If Vexxarr had a soundtrack, it would be a repeating game-show "wrong answer" buzzer. It was the third example I had in mind when addressing comic-book space operas a few months ago (also the only one still ongoing) and while Buck Godot was a measured exercise in dramatic escalation featuring light comic relief and Spacetrawler an even mix of drama and comedy, Vexxarr is almost entirely farcical, centered on a main character who maintains a bitterly derisive attitude toward the various galactic crises in which he finds himself embroiled.
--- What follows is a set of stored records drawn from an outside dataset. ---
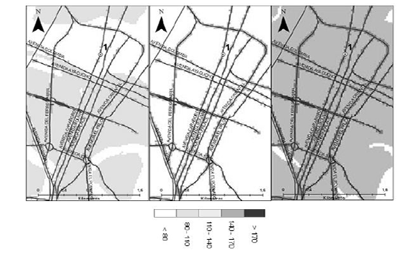 Las vías que atraviesan usos industriales y zonas verdes por el efecto triple que aumenta la concentración por proximidad a la vía y a las industrias, y simultáneamente la atenúa por proximidad a las zonas verdes.
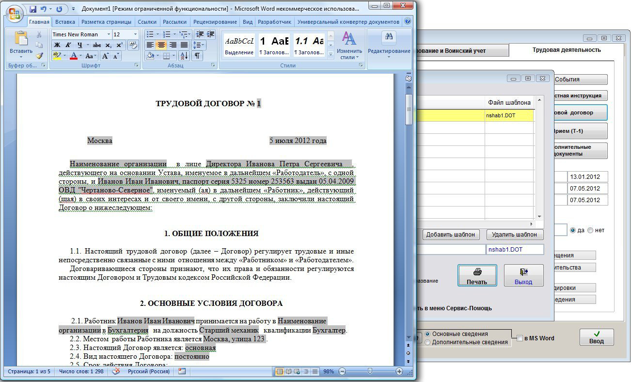 Трудовой договор сформируется в установленном Microsoft Word либо при соответствующей настройке в OpenOffice Writer.
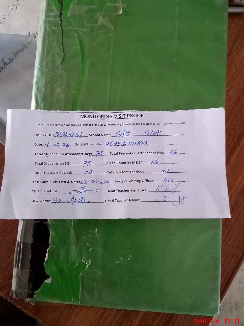 | Attendance Register | Head Teacher | MEA with School | Visit Proof |
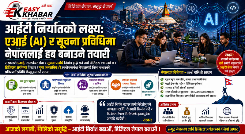 काठमाडौं । नेपाललाई एआई (Artificial Intelligence) र सूचना प्रविधि (आईटी) निर्यातको हब बनाउने लक्ष्यसहित सरकारले नयाँ नीतिगत पहलहरू अघि बढाएको छ।

Its various other features don't really stand out. They're developed just enough to serve parody. Instead of full-page installments it follows a standard four-panel, gag-a-day format. Instead of convoluted character development it presents of a larger variety of simpler, more plot-friendly but more shallow props. Aside from its Trek-ish feel, it is in fact more comparable to Narbonic, jumping from one interesting SciFi notion to another, from silicoid ecosystems to cloaking devices to fabricated slave races.
One of this strip's quainter quirks is the source of inspiration for its body and ship plans. Remember when you used to pick up household items as a kid and run around the house with them going "zoom-zoom" and "pew-pew" pretending they were spaceships? Vexxar's author tends to do just that with common office objects. Everything from a rubber stamp to a desk lamp to a stapler to a chess pawn seems to have served as inspiration for either aliens or their spaceships. Sometimes half the fun is just figuring out what he was absentmindedly fiddling with when thinking up a new design.
This results in a steady stream of novel visual gags in addition to the verbal derision, and the strip has remained funny throughout. In fact if it has any flaw it's that the plot can drag a bit in the middle of storylines as more and more four-panel strips are added to serve apt (though somewhat repetitive) one-panel punchlines.